**Problem to work on**
Some lines in the entries contain the word "used". Copy all of them.

(Beginning of Available records)

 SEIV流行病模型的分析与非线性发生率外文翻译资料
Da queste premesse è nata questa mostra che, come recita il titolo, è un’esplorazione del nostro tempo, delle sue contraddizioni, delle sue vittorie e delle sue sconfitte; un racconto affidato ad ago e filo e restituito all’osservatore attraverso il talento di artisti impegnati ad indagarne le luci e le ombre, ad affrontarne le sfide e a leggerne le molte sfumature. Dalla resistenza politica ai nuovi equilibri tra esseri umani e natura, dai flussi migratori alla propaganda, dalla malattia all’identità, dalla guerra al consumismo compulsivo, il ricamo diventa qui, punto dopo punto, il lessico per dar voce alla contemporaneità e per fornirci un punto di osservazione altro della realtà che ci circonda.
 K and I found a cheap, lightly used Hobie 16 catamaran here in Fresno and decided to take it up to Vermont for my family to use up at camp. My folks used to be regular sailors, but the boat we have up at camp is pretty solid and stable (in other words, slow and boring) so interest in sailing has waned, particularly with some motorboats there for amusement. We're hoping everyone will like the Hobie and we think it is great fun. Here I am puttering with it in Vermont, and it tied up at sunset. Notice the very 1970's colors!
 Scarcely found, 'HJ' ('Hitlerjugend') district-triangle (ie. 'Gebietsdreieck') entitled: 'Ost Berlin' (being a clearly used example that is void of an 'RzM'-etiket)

(End of Available records)
(Beginning of Available records)

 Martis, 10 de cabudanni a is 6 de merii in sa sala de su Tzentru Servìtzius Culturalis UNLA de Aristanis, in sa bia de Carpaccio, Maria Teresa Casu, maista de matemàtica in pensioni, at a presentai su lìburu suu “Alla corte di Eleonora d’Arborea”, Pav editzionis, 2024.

(End of Available records)

**Output for this exercise**
 K and I found a cheap, lightly used Hobie 16 catamaran here in Fresno and decided to take it up to Vermont for my family to use up at camp. My folks used to be regular sailors, but the boat we have up at camp is pretty solid and stable (in other words, slow and boring) so interest in sailing has waned, particularly with some motorboats there for amusement. We're hoping everyone will like the Hobie and we think it is great fun. Here I am puttering with it in Vermont, and it tied up at sunset. Notice the very 1970's colors!
 Scarcely found, 'HJ' ('Hitlerjugend') district-triangle (ie. 'Gebietsdreieck') entitled: 'Ost Berlin' (being a clearly used example that is void of an 'RzM'-etiket)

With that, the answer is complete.